**Work order**.
From the entries that follow, reproduce exactly and only the lines from the line with "Оставшиеся сливки взбейте" to the line with "Shorts and Pockets", endpoints included.

**Input data**.
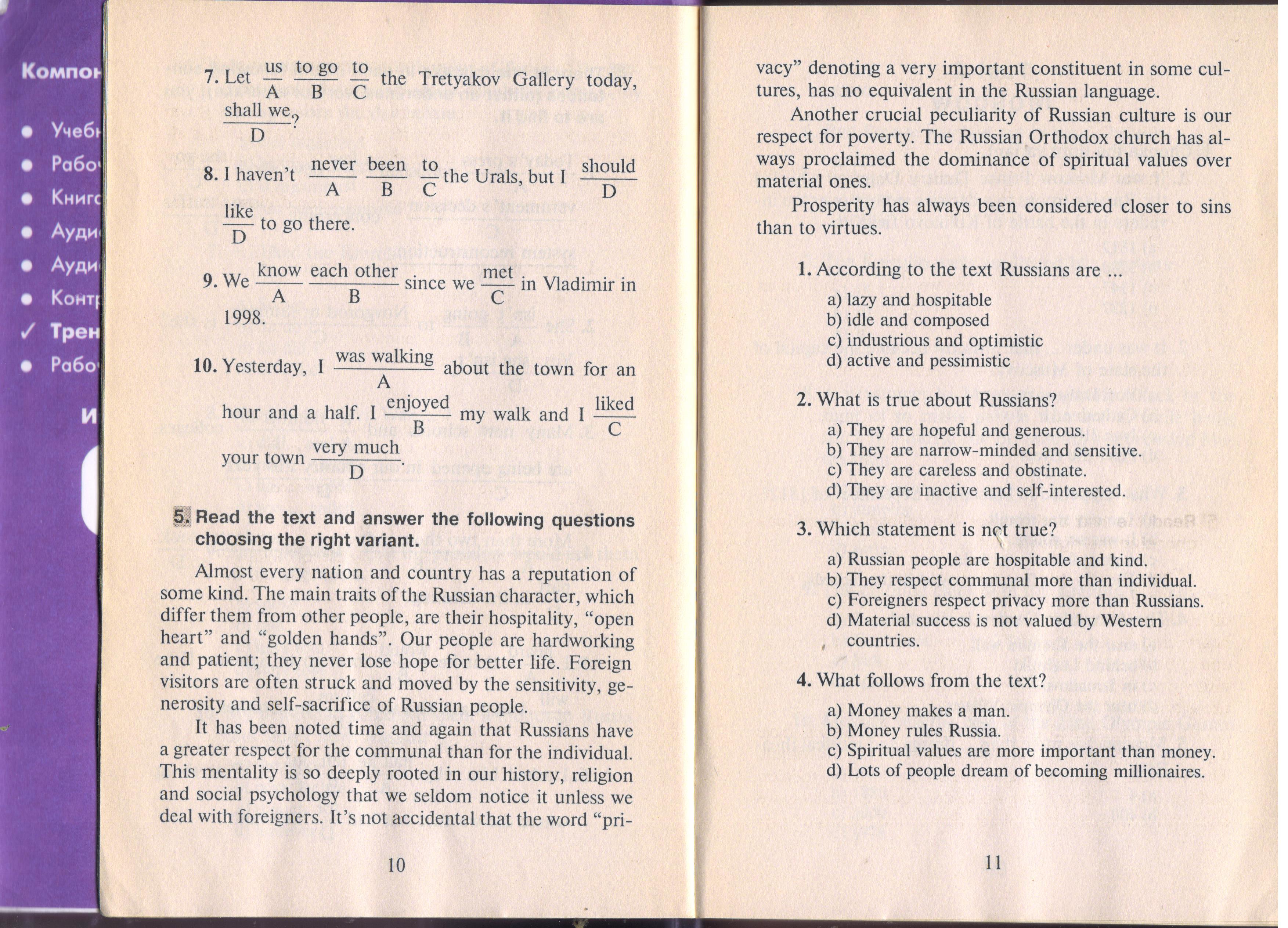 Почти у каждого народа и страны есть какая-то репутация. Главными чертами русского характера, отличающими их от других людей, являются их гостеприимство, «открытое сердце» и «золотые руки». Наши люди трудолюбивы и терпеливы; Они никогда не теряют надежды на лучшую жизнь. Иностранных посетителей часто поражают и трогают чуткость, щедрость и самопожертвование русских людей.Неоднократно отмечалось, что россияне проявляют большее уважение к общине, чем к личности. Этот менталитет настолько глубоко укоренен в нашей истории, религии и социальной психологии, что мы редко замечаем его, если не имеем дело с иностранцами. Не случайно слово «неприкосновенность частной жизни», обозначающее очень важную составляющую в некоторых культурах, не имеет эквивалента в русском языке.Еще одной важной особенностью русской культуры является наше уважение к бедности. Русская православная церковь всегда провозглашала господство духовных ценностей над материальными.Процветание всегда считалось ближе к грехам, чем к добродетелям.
--
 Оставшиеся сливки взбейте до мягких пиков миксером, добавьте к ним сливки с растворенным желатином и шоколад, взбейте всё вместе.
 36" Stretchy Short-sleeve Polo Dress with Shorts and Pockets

**Result of the task**.
 Оставшиеся сливки взбейте до мягких пиков миксером, добавьте к ним сливки с растворенным желатином и шоколад, взбейте всё вместе.
 36" Stretchy Short-sleeve Polo Dress with Shorts and Pockets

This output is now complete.